Next, we implement the insert and remove methods. Since these methods interact with MaybeUninit, we need to be a bit more careful with the inevitable unsafe code.

It is best practice (ideally not just in Rust) to add a "safety comment" for all uses of unsafe code. As its name suggests, safety comments should explain why it is safe to invoke an unsafe procedure. Typically, it clarifies the (internal and external) invariants that are upheld before and after the procedure.

use core::mem::replace;

impl<T> Block32<T> {
    // Inserts a `value` at `index`. Returns the old value, if any.
    pub fn insert(&mut self, index: usize, value: T) -> Option<T> {
        // Extract the old value
        let wrapped = MaybeUninit::new(value);
        let old_vacant = self.is_vacant(index);
        let old_value = replace(&mut self.data[index], wrapped);

        // Ensure that the bit in the mask is set to 1
        self.mask |= 1 << index;

        // Return the old value
        if old_vacant {
            None
        } else {
            // SAFETY: Old value has been verified
            // to be properly initialized.
            Some(unsafe { old_value.assume_init() })
        }
    }

    // Removes a `value` at `index`. Returns the old value, if any.
    pub fn remove(&mut self, index: usize) -> Option<T> {
        if self.is_vacant(index) {
            return None;
        }

        // Extract the old value
        let dest = &mut self.data[index];
        let old_value = replace(dest, MaybeUninit::uninit());

        // Ensure that the bit in the mask is reset to 0
        self.mask &= !(1 << index);

        // SAFETY: We have verified that the slot is not vacant.
        Some(unsafe { old_value.assume_init() })
    }
}
Enter fullscreen mode Exit fullscreen mode

Finally, we implement the getter methods. These are relatively more straightforward because we do not have to think about mutating the internal bit mask.

impl<T> Block32<T> {
    // Immutably borrow the value at `index`.
    pub fn get(&self, index: usize) -> Option<&T> {
        if self.is_vacant(index) {
            None
        } else {
            // SAFETY: Slot is initialized.
            Some(unsafe { self.data[index].assume_init_ref() })
        }
    }

    // Mutably borrow the value at `index`.
    pub fn get_mut(&mut self, index: usize) -> Option<&mut T> {
        if self.is_vacant(index) {
            None
        } else {
            // SAFETY: Slot is initialized.
            Some(unsafe { self.data[index].assume_init_mut() })
        }
    }
}
Enter fullscreen mode Exit fullscreen mode

Implementing Clone

We must now enable to user to clone the DAT as they please. Unfortunately, we cannot simply derive(Clone) in our implementation. Assuming that the inner type T implements Copy, the Clone implementation is surprisingly trivial.

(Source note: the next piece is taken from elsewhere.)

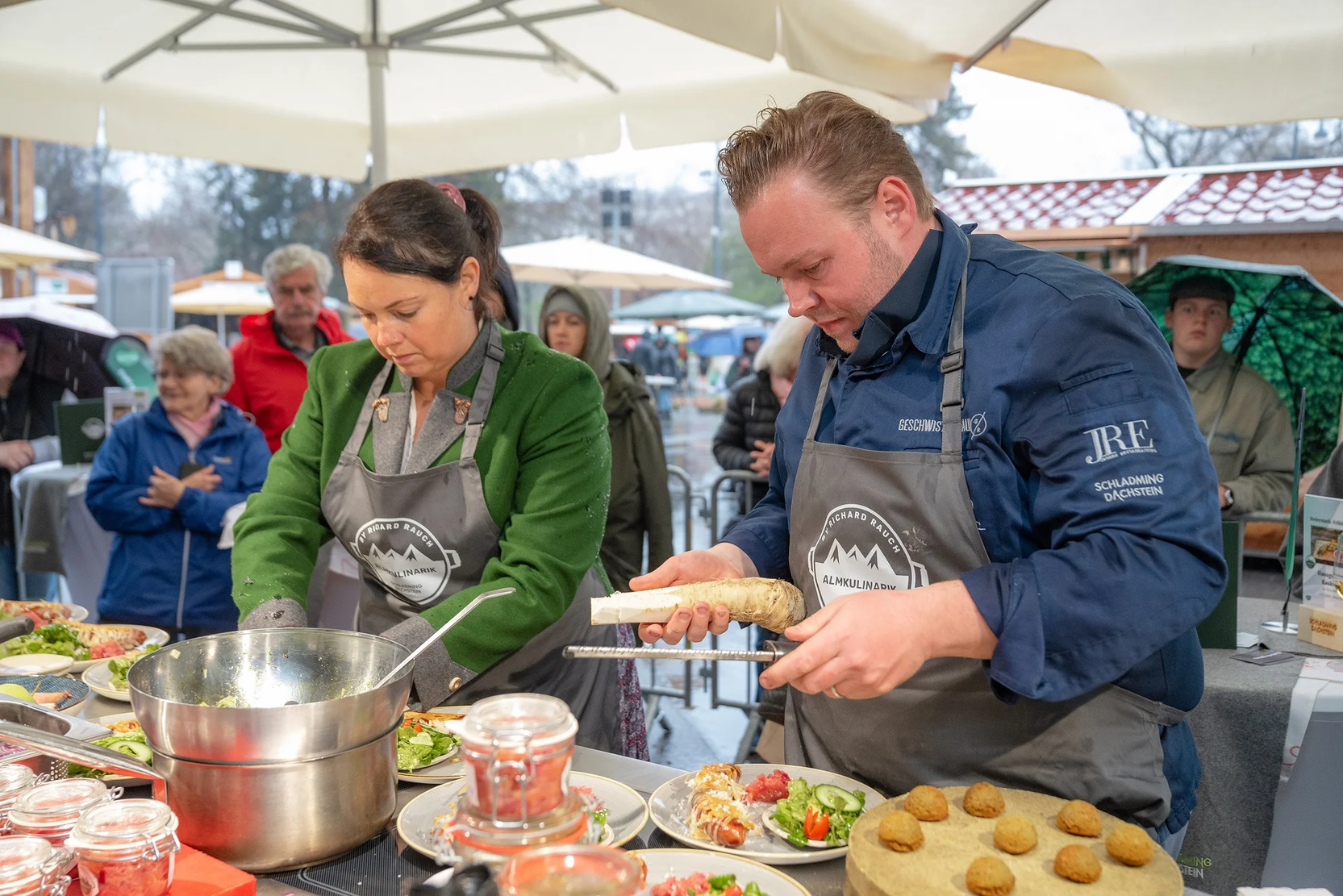 Während der gesamten Veranstaltungsdauer präsentierte sich die Region mit einem abwechslungsreichen Programm. In der Schladming-Dachstein Alm sorgten die Genussspechtwirte für kulinarische Highlights und herzliche Ennstaler Gastlichkeit. Ergänzt wurde das Angebot durch Gerichte aus dem Erfolgsprojekt „Schladming-Dachstein Almkulinarik by Richard Rauch“. Starkoch Richard Rauch persönlich war vor Ort und zauberte gemeinsam mit Lydia und Jürgen von der Sattelberghütte eine besondere Almkulinarik-Kreation für die Gäste. Auch der Pürcherhof Mitterberg und die Krapfenhütte der Landjugend Öblarn trugen mit regionalen Köstlichkeiten zur kulinarischen Vielfalt des Auftritts von Schladming-Dachstein bei. Die neue 10er-Gondelbahn am Hauser Kaibling, die ab Winter 2025/26 in Betrieb geht, war außerdem als Schaustück am Gelände zu bestaunen.

//     `T` must implement `Copy`...
//     👇
impl<T: Copy> Clone for Block32<T> {
    fn clone(&self) -> Self {
        Self {
            // Recall that `MaybeUninit<T>` implements `Copy` if
            // (and only if) `T` implements `Copy` as well.
            // Therefore, a bitwise copy of an array of `T` values
            // should be trivial.
            //
            // There are no extra lifetime considerations here since
            // `Copy` guarantees that `T` cannot implement a fancy
            // `Drop` implementation (stated in the documentation).
            data: self.data,
            mask: self.mask,
        }
    }
}
Enter fullscreen mode Exit fullscreen mode

However, there is one glaring issue with this approach. It is considerably uncommon for types to implement Copy! Ideally, we want to implement Clone for our DAT if (and only if) the inner type T implements Clone as well. Requiring Copy is just too restrictive!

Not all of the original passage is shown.